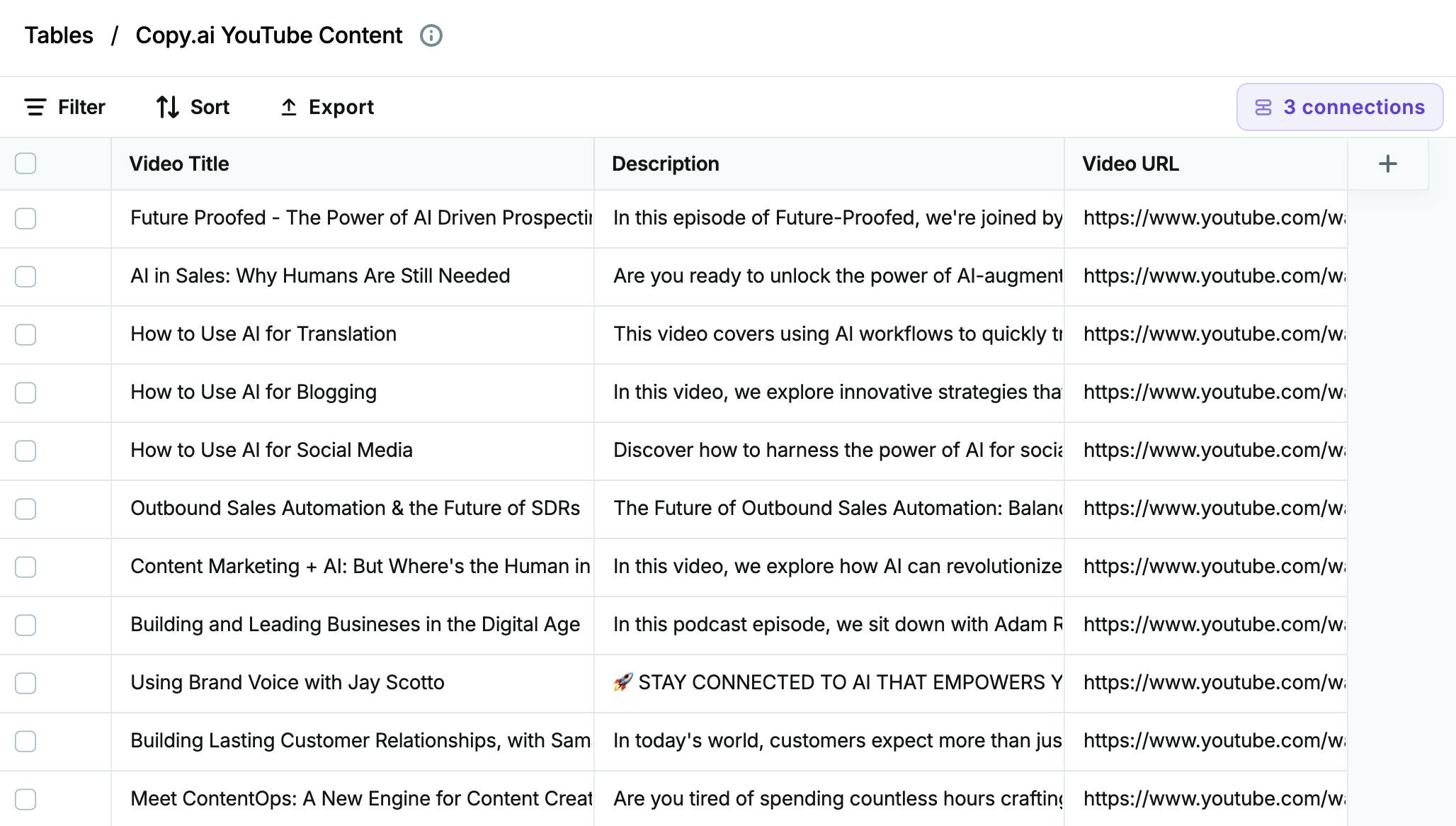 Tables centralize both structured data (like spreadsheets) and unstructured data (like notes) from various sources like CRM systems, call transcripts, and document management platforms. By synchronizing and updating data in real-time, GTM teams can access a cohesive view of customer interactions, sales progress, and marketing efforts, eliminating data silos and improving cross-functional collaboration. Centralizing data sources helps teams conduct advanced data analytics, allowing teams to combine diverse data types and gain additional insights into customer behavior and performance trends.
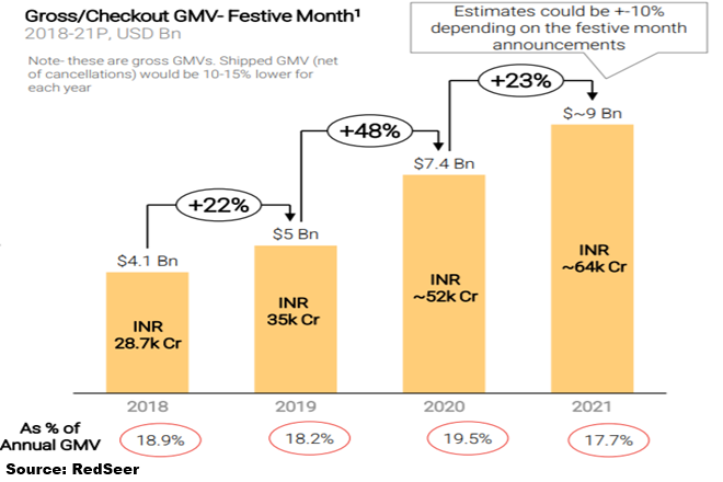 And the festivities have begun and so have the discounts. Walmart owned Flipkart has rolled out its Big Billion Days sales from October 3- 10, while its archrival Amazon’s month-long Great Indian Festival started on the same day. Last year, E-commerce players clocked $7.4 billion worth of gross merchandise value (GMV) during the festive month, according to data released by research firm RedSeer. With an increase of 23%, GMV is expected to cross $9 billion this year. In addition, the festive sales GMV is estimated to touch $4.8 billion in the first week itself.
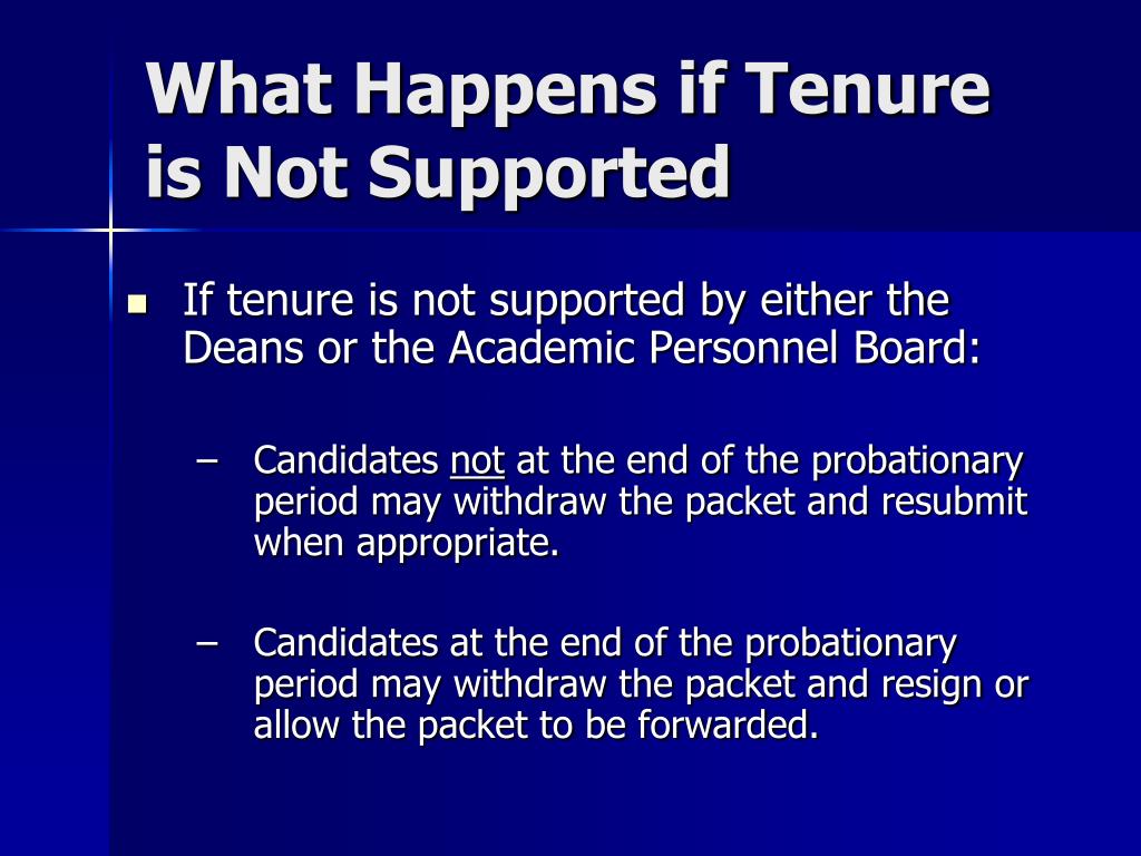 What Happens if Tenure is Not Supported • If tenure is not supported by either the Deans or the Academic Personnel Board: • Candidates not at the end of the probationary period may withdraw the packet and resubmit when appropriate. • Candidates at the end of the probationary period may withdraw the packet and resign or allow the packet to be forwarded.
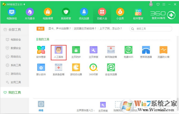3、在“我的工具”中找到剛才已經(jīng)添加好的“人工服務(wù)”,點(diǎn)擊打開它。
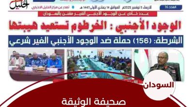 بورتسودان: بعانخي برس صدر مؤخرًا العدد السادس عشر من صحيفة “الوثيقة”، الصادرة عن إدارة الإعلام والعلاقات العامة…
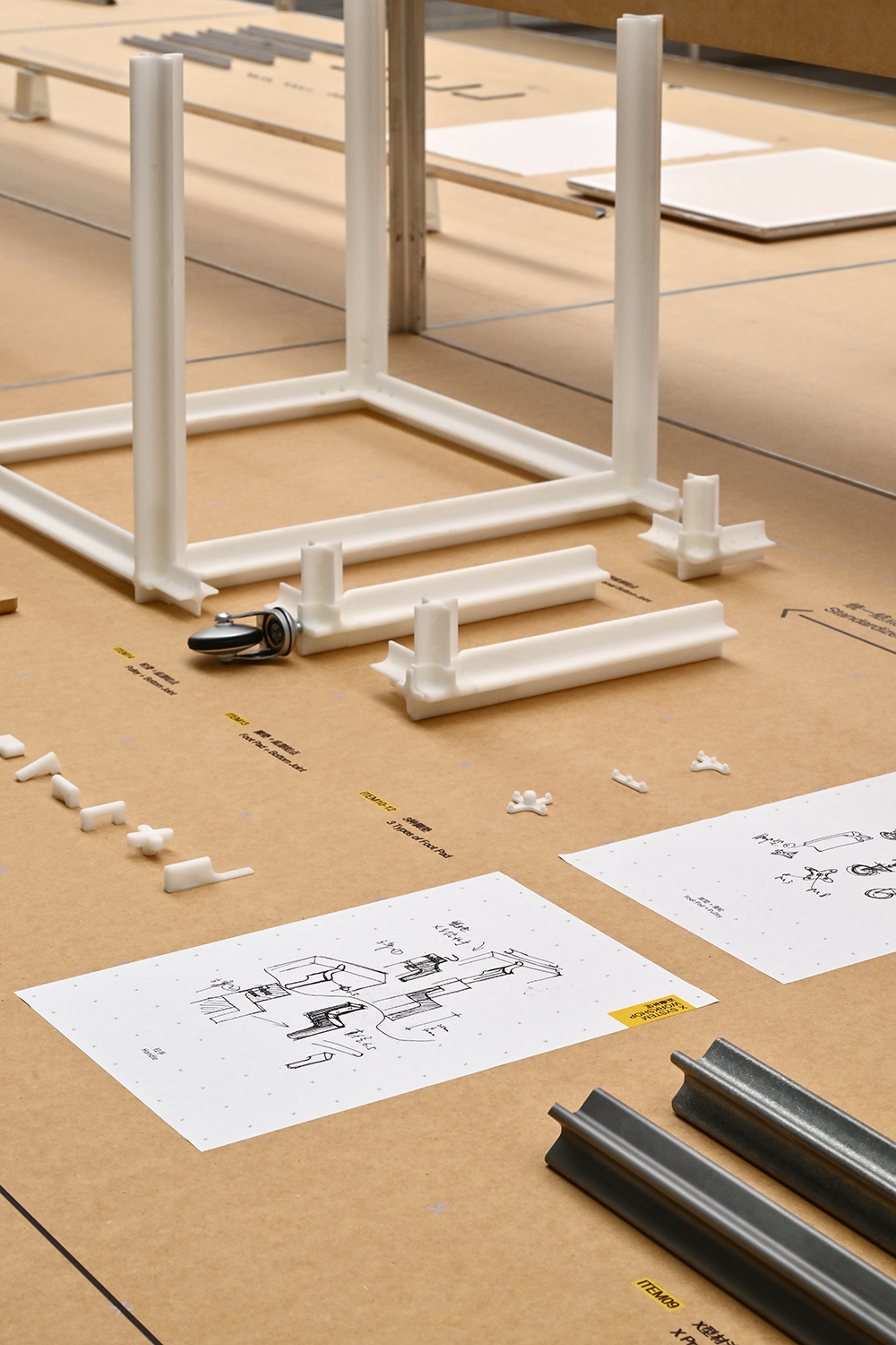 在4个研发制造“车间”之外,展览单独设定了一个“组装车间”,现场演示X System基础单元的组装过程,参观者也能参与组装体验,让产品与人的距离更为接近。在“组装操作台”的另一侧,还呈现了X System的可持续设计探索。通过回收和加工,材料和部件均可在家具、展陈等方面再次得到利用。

◆ ◆ ◆

TASK REQUIREMENTS
Copy the listing exactly, omitting pictures.

THE COMPLETED TASK
 Tables centralize both structured data (like spreadsheets) and unstructured data (like notes) from various sources like CRM systems, call transcripts, and document management platforms. By synchronizing and updating data in real-time, GTM teams can access a cohesive view of customer interactions, sales progress, and marketing efforts, eliminating data silos and improving cross-functional collaboration. Centralizing data sources helps teams conduct advanced data analytics, allowing teams to combine diverse data types and gain additional insights into customer behavior and performance trends.
 And the festivities have begun and so have the discounts. Walmart owned Flipkart has rolled out its Big Billion Days sales from October 3- 10, while its archrival Amazon’s month-long Great Indian Festival started on the same day. Last year, E-commerce players clocked $7.4 billion worth of gross merchandise value (GMV) during the festive month, according to data released by research firm RedSeer. With an increase of 23%, GMV is expected to cross $9 billion this year. In addition, the festive sales GMV is estimated to touch $4.8 billion in the first week itself.
 What Happens if Tenure is Not Supported • If tenure is not supported by either the Deans or the Academic Personnel Board: • Candidates not at the end of the probationary period may withdraw the packet and resubmit when appropriate. • Candidates at the end of the probationary period may withdraw the packet and resign or allow the packet to be forwarded.
3、在“我的工具”中找到剛才已經(jīng)添加好的“人工服務(wù)”,點(diǎn)擊打開它。
 بورتسودان: بعانخي برس صدر مؤخرًا العدد السادس عشر من صحيفة “الوثيقة”، الصادرة عن إدارة الإعلام والعلاقات العامة…
 在4个研发制造“车间”之外,展览单独设定了一个“组装车间”,现场演示X System基础单元的组装过程,参观者也能参与组装体验,让产品与人的距离更为接近。在“组装操作台”的另一侧,还呈现了X System的可持续设计探索。通过回收和加工,材料和部件均可在家具、展陈等方面再次得到利用。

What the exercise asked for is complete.